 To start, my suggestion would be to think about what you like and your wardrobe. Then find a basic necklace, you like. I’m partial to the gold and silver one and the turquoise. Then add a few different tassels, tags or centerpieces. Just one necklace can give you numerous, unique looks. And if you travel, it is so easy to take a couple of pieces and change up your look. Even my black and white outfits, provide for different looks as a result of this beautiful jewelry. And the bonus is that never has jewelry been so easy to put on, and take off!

..........

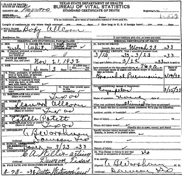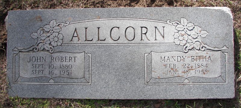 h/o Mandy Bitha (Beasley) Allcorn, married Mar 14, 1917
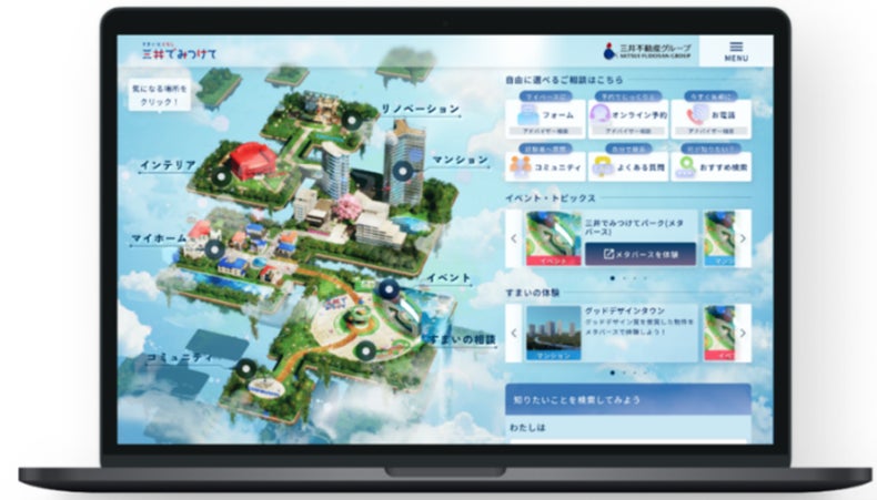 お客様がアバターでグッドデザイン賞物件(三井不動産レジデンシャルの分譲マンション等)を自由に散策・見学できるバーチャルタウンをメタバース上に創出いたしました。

..........

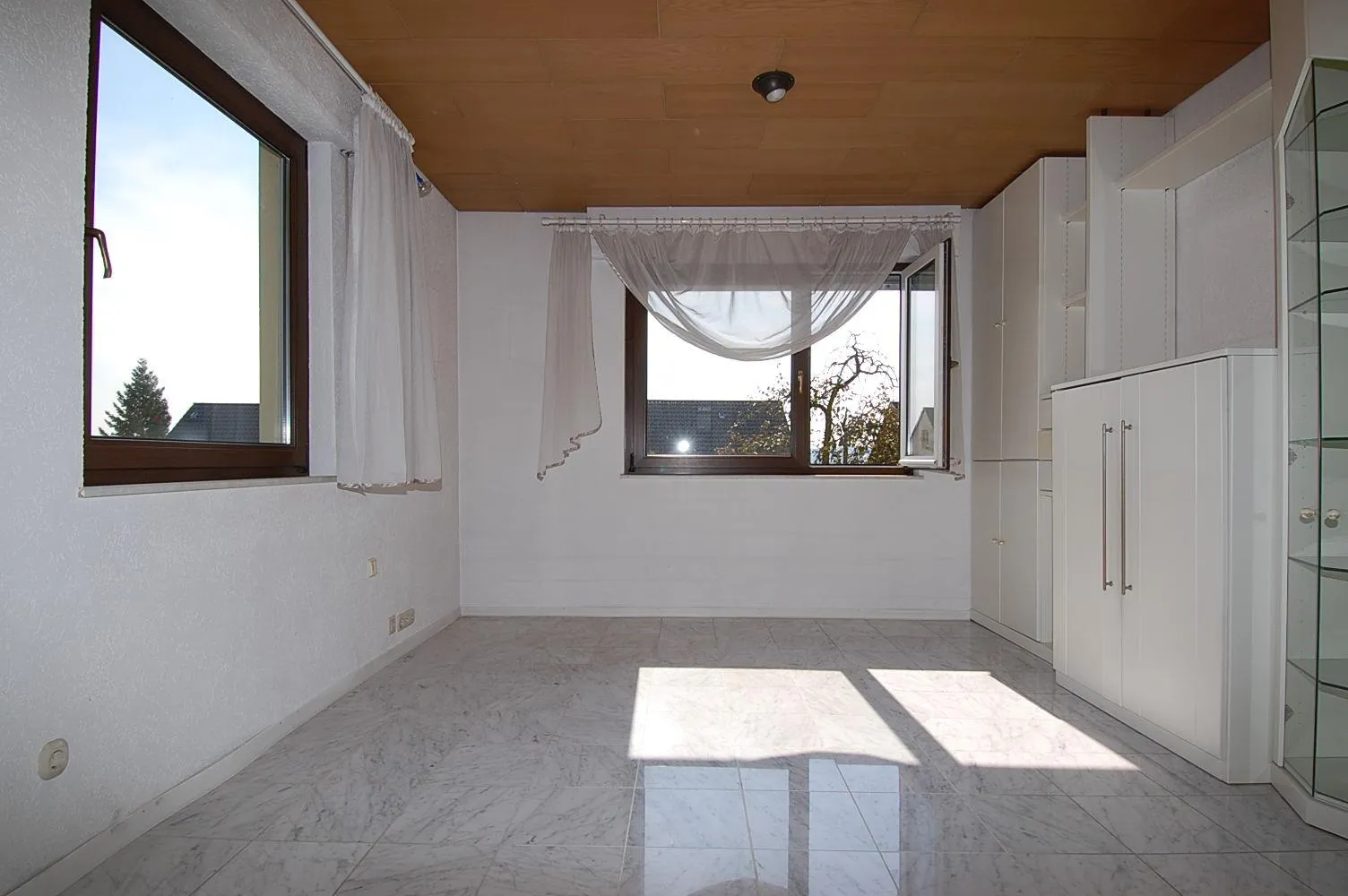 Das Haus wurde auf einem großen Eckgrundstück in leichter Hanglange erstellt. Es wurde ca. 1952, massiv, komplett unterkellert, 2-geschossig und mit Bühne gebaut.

..........

**DIRECTIONS:**
Transcribe, word for word, the stretch of lines in the data above from the one with "h/o Mandy Bitha" through the one with "お客様がアバターでグッドデザ"; omit all pictures.

**OUTPUT:**
 h/o Mandy Bitha (Beasley) Allcorn, married Mar 14, 1917
 お客様がアバターでグッドデザイン賞物件(三井不動産レジデンシャルの分譲マンション等)を自由に散策・見学できるバーチャルタウンをメタバース上に創出いたしました。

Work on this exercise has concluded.